Отец фыркает и хмурится.
— Я их обвиняю. Это всегда они.
— Может, и хорошо, что ты развелся. — Мне нужно сохранять спокойствие и не раздражать его. Это только ухудшит ситуацию, но трудно слушать, как он говорит плохие вещи о маме, которая была рядом даже в мои худшие времена. Надеюсь, эту беседу не услышит никто из знакомых.
Я барабаню пальцами по столу, поскольку мелодия проникает в мой гиперактивный мозг.
— В эти выходные должен пойти снег.
Папа игнорирует попытку сменить тему.
— Твоя мать и ее семья пытались выгнать меня из этого города.
Я вздыхаю.
— Они не пытаются причинять тебе неприятности. — Я хлопаю себя ладонью по бедру, чтобы отвлечься болью.
— Они даже испортили мои отношения с соседями.
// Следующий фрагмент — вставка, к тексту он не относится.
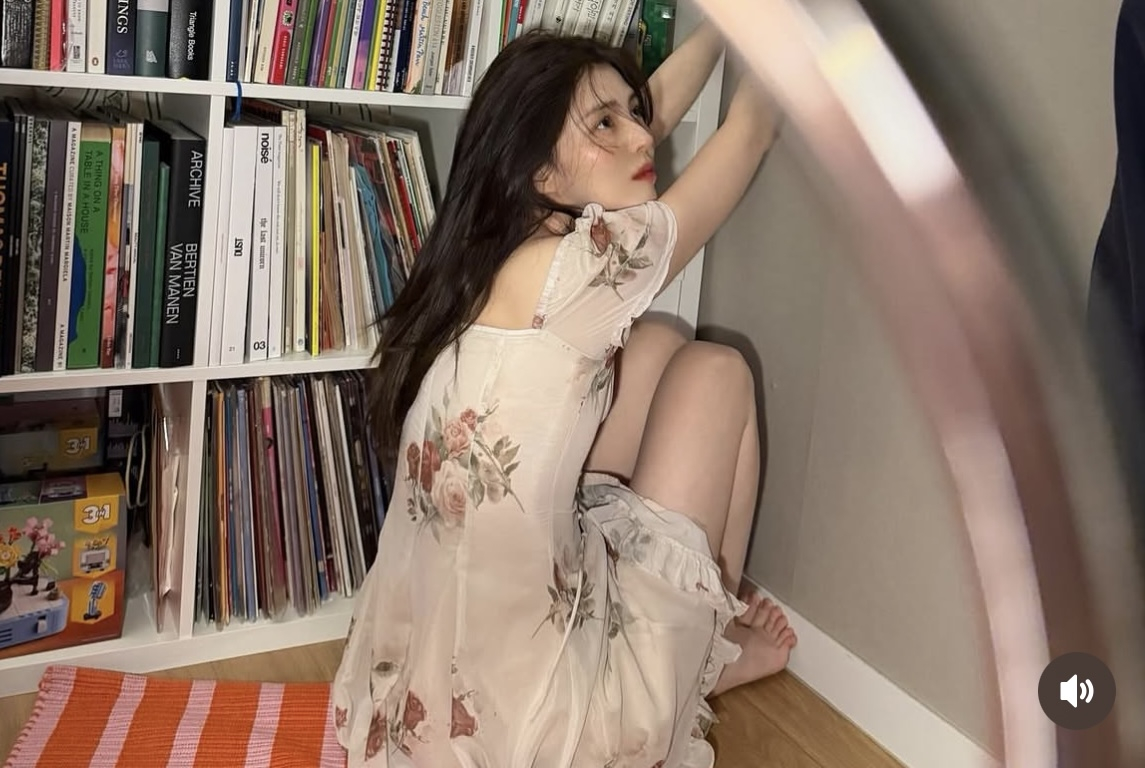 또 다른 사진에서 한소희는 책장 옆 바닥에 앉거나 누운 채 포즈를 취하며 한층 부드럽고 서정적인 무드를 더했다. 따뜻한 조명 아래 자연스럽게 흘러내린 헤어와 내추럴한 스타일링으로 한소희 특유의 감성이 느껴졌다.
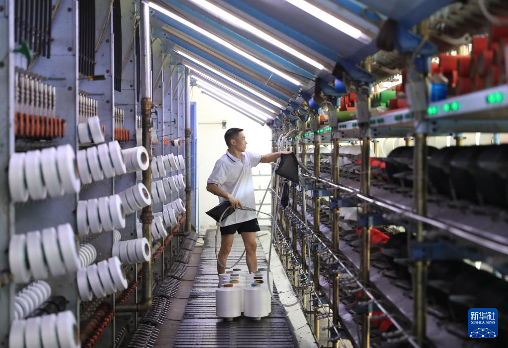 2025年6月20日,在辽宁众鑫加弹有限公司,工人在车间进行接线挂丝工作。
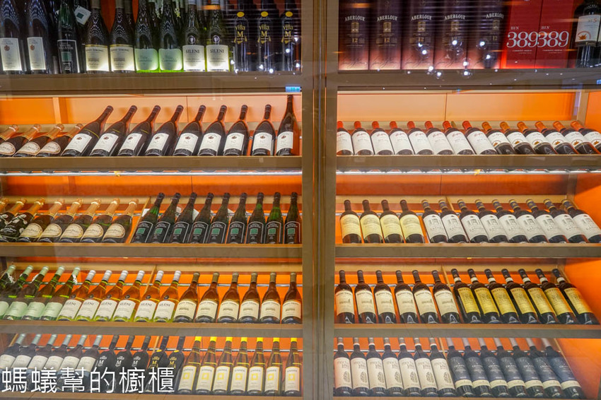 一整排坐落在走道旁的白紅酒,搭配海鮮更有情調,吃蟹搭配些許白酒,啖蟹把酒,好不快活!
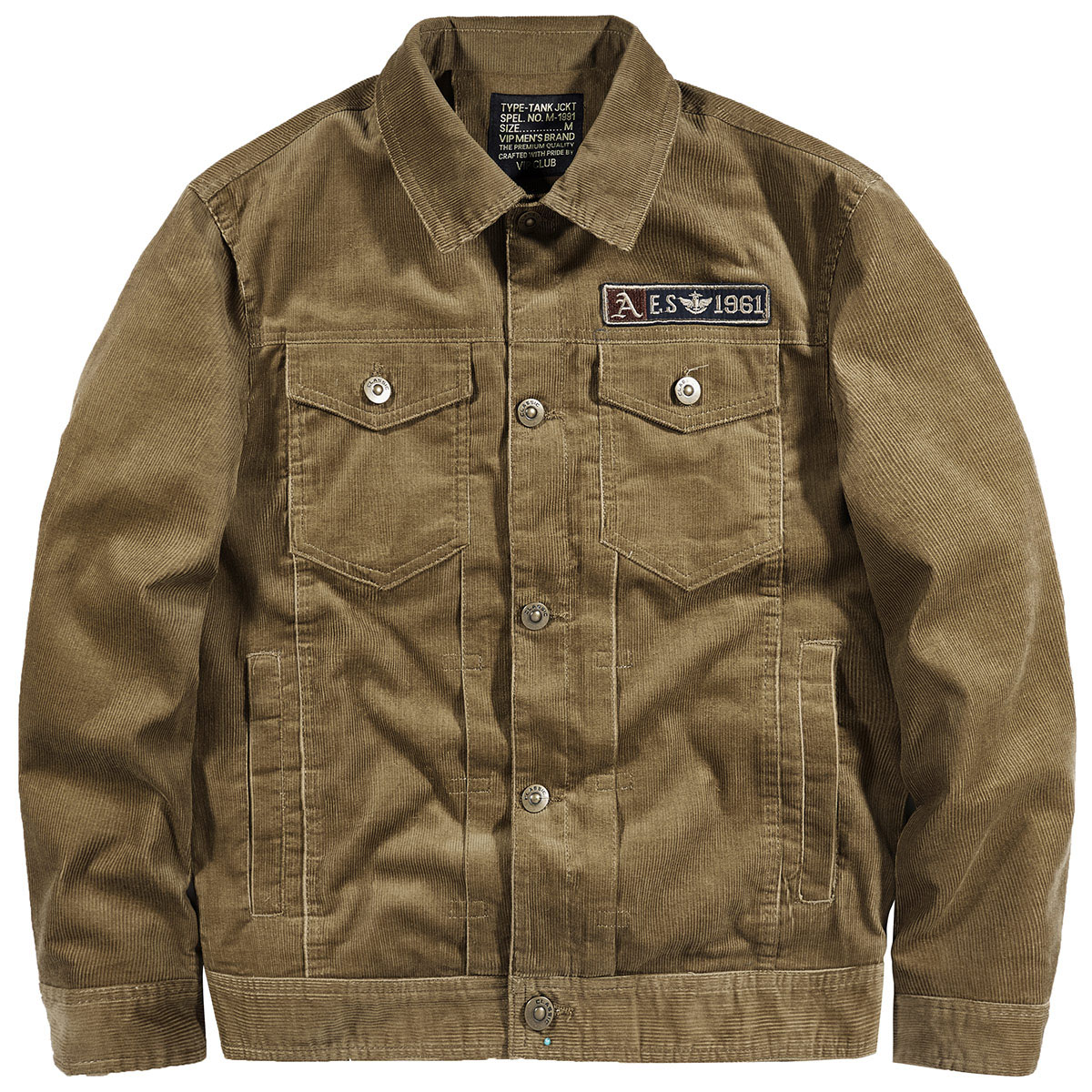 VIP复古夹克男青年翻领灯芯绒外套春秋大码宽松工装休闲上衣潮流
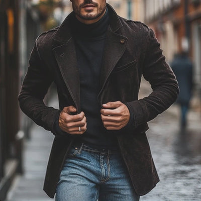 The Men's Slim-fit Lapel Faux Suede Single-breasted Mid-length Coat is crafted for the modern gentleman who appreciates both style and comfort. This mid-length coat, featuring a sleek single-breasted design, is tailored from high-quality faux suede, offering a luxurious feel and a sophisticated look without compromising on ethics.
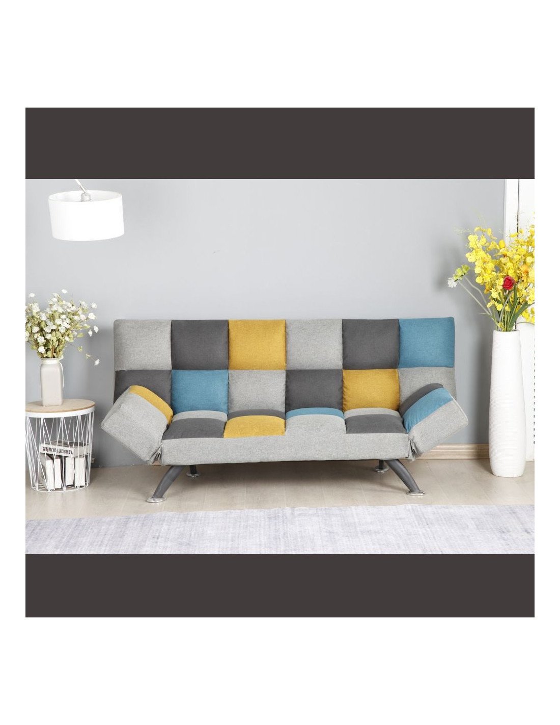 Milburn Sofa Bed - Yellow/Blue Patchwork

Те, что живут напротив, подбросили зараженные бактериями куриные кости в мой грузовик. Они пытались проклясть меня. Они повсюду создают проблемы. Слева, справа, в центре.
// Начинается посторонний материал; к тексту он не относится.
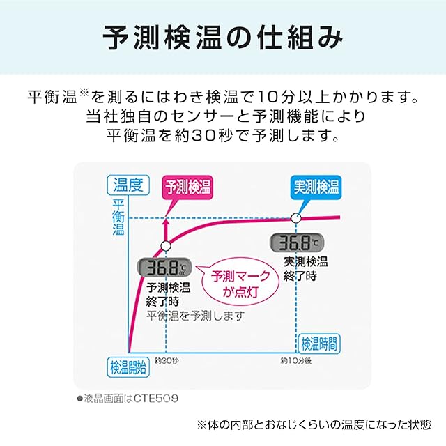 【予測式約30秒+実測式】検温開始後、30秒で予測検温が完了します。そのまま継続して約10分検温すると実測検温も可能です。
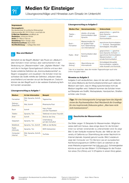 Medien für Einsteiger: Lösungsvorschläge und Hinweise zum Einsatz im Unterricht
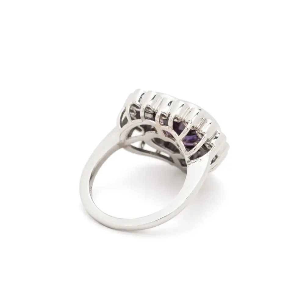 Серебристый, фиолетовый, серебро 925 пробы, огранка «сердце» и декор из кристаллов.
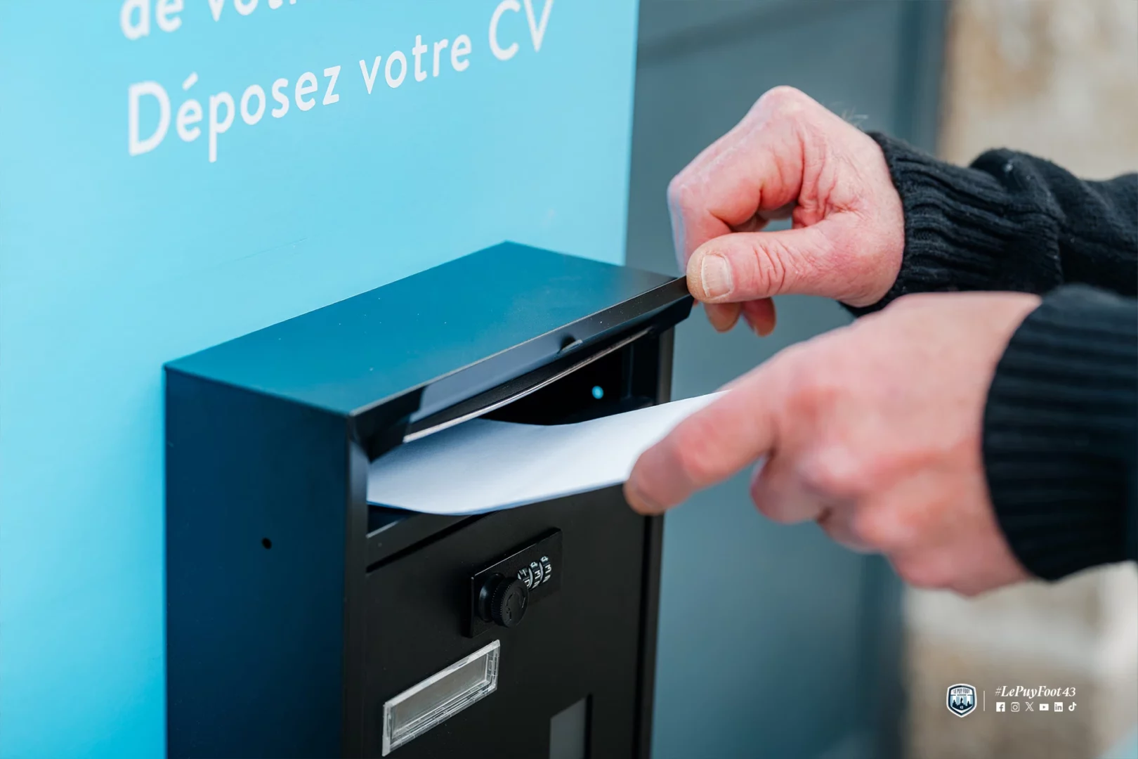 Τοποθετημένο κατά τη διάρκεια της εβδομάδας μπροστά από το επίσημο κατάστημα του συλλόγου, αυτό το κουτί επιτρέπει σε όλους να υποβάλουν το βιογραφικό τους απλά και γρήγορα.

Я ничего не могу поделать. Слова вываливаются сами собой:
— Должно быть, это доставило им чертовски много хлопот.
Отец сердито смотрит на меня. Я же смотрю в окно.
— Подстрекатель — отец твоей матери, Стэн.
Я пытаюсь рассуждать здраво.
— Ему за семьдесят.
— Это не имеет значения. Он — чистое зло. Змея. Гадюка.
— Просто перестань. — Я тру глаза, только потом, осознав, что размазала тушь. — В этом нет никакого смысла.
Папа злится.
— Ты должна быть хорошей девочкой. Не будь такой, как они. Это убьет меня. Но я не позволю этому случиться. Если бы мог, то остановил бы это раньше.
Это звучит страшно, словно реальная угроза.
— Что ты имеешь в виду?
— Ничего. Просто пообещай, что будешь хорошей девочкой.
— Да, сэр. — Я хочу расспросить отца об этом, но приносят еду.
Искушение поругаться с Антонио рассеивается, пока он занимается яичницей. Сейчас отец больше заинтересован в завтраке, чем в дальнейшим семейном обсуждении. Хорошая еда всегда так действует на него, он спокоен, по крайней мере, пока ест.
Я пользуюсь возможностью и расслабляюсь: грызу края своего рогалика и пью горький кофе, поданный с большим количеством молока.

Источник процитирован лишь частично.